2.Materials and methods 2.1 Chemicals All chemical reagents and organic solvents used were of analytical grade (A.R. grade) or higher. Indomethacin, 4-methoxycinnamic acid, acetophenone and para-chlorobenzoic acid were purchased from Sigma-Aldrich (Germany). Lincomycin was purchased from Ehrenstorfer (Germany). Acetonitrile and methanol were purchased from Fisher Scientific (USA). Ammonium acetate was provided by Alfa Aesar (UK). Tert-Butanol (t-BuOH) and phosphate were purchased from Modern Eastern Fine Chemical (China). Ultrapure water was produced by a filtration system (Milli-pore, USA).
2.2 Ozonation experiments setup The ozonation experiments were carried out in a bubble reaction system (shown in Figure S1). A stream of ozone/oxygen mixture was bubbled into a 300 mL reactor filled with 25 μM IM solution at a flow rate of 250 mL min-1. Samples were withdrawn at certain time intervals and residual ozone was purged out with nitrogen. All experiments were carried out in triplicate.
2.3 Determination of kinetic constants Competition kinetic experiments based on the liquid-liquid reaction of saturated ozone solution (750 μM). IM (25 μM) and competition compound C (25 μM, 4-methoxycinnamic acid and lincomycin) mixture were carried out to measure the kinetic constant of IM with ozone and hydroxyl radicals. A stream of ozone/oxygen mixture was bubbled into a 100 mL conical flask filled with 50 mL ultrapure water in an ice-bath for a few hours to produce the saturated ozone solution with a concentration of 700 ~ 800 μM. The phosphate buffer (approximately 8 mM) was used to adjust solution pH and temperature was kept at 20 °C. For measurement of kinetic constant with ozone, different volumes (0 ~ 2 mL) of saturated ozone solution were added into a 50 mL reaction solution of IM and competition compound C mixture. A magnetic stirrer was used to ensure adequate mixing of ozone and reaction solution. The whole system is shown in Figure S2. To scavenge radical reaction, 30 mM t-BuOH was added into the reaction solution before the addition of ozone. The remaining concentration of IM and C were analyzed after the reaction was completed. All experiments were carried out in triplicate. Details on the equations and the experimental design can be found in the Supplementary Material.
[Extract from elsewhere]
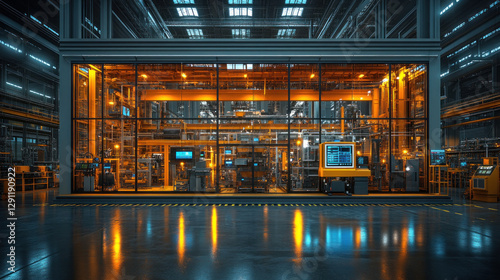 Fototapeta premium A next-gen industrial workspace with glass walls, AI dashboards, and...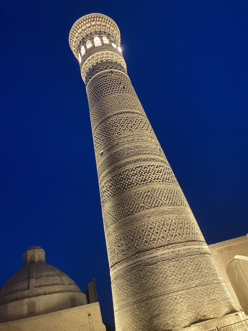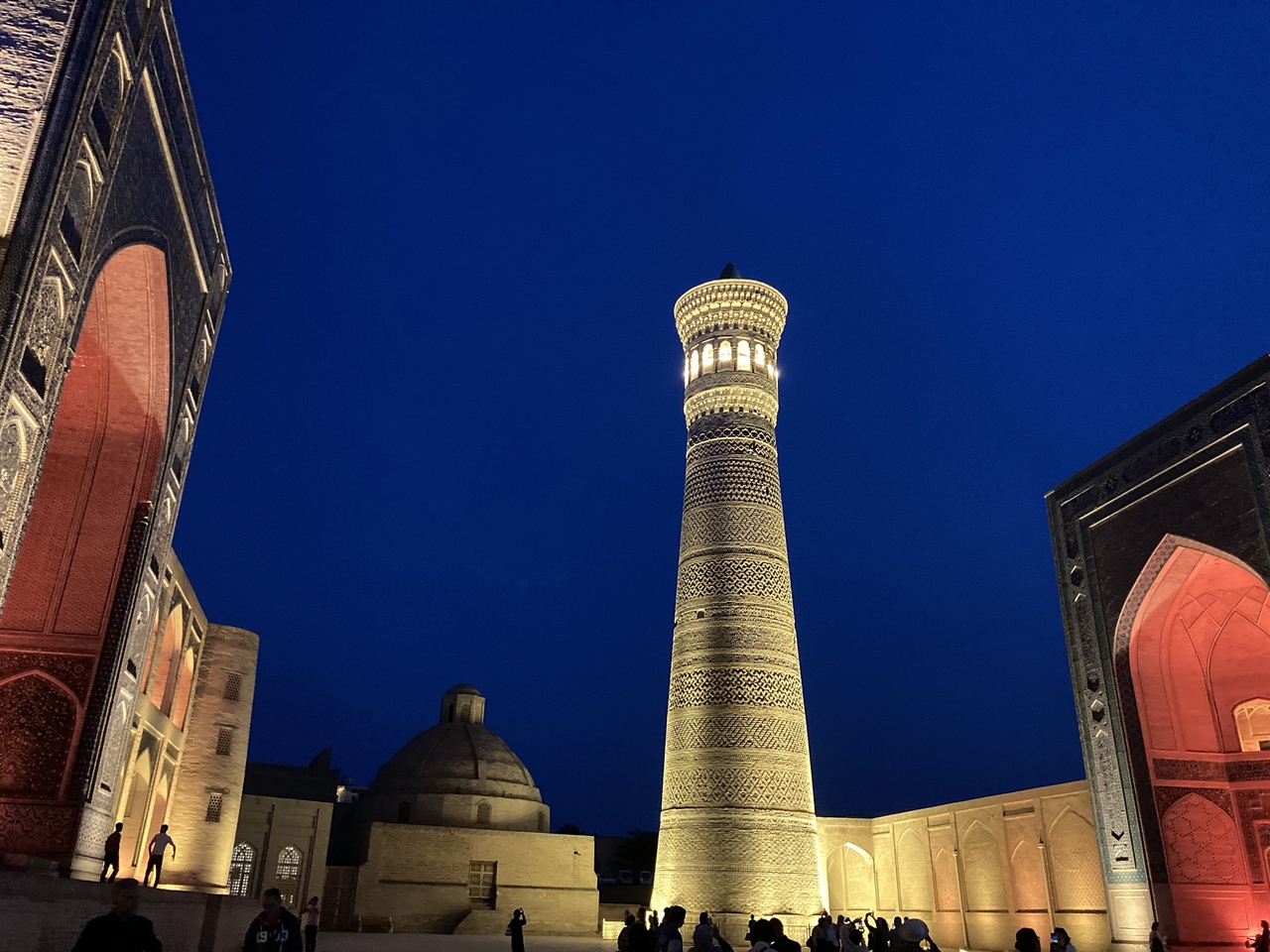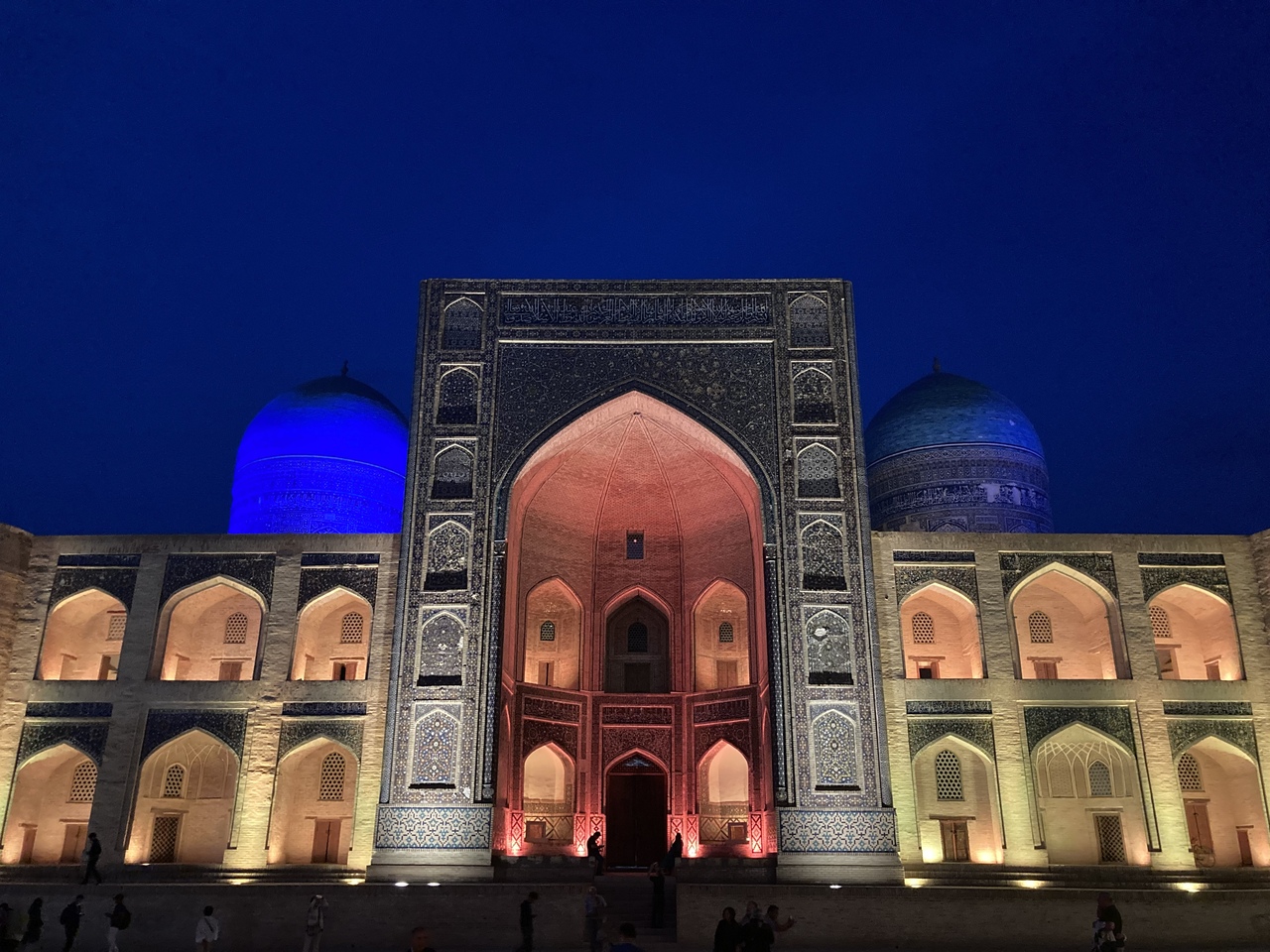 昼間も見に行きましたが、夜のライトアップが特に素晴らしかったです。模様が浮かび上がるようなライティングがとても良いです。すぐそばのモスクとメドレセも合わせて、広場がとても幻想的な光景になります。ブハラで一番印象に残りました。

2.4 Measurement of oxidation contribution The experimental process was similar with the measurement of the kinetic constant with ozone. Ozone solution was added into reaction solution containing 25 μM IM and 1 μM AP. After the reaction was completed, the concentration of remaining IM and AP were analyzed. All experiments were carried out in triplicate. Details on the equations and the experimental design can be found in the Supplementary Material.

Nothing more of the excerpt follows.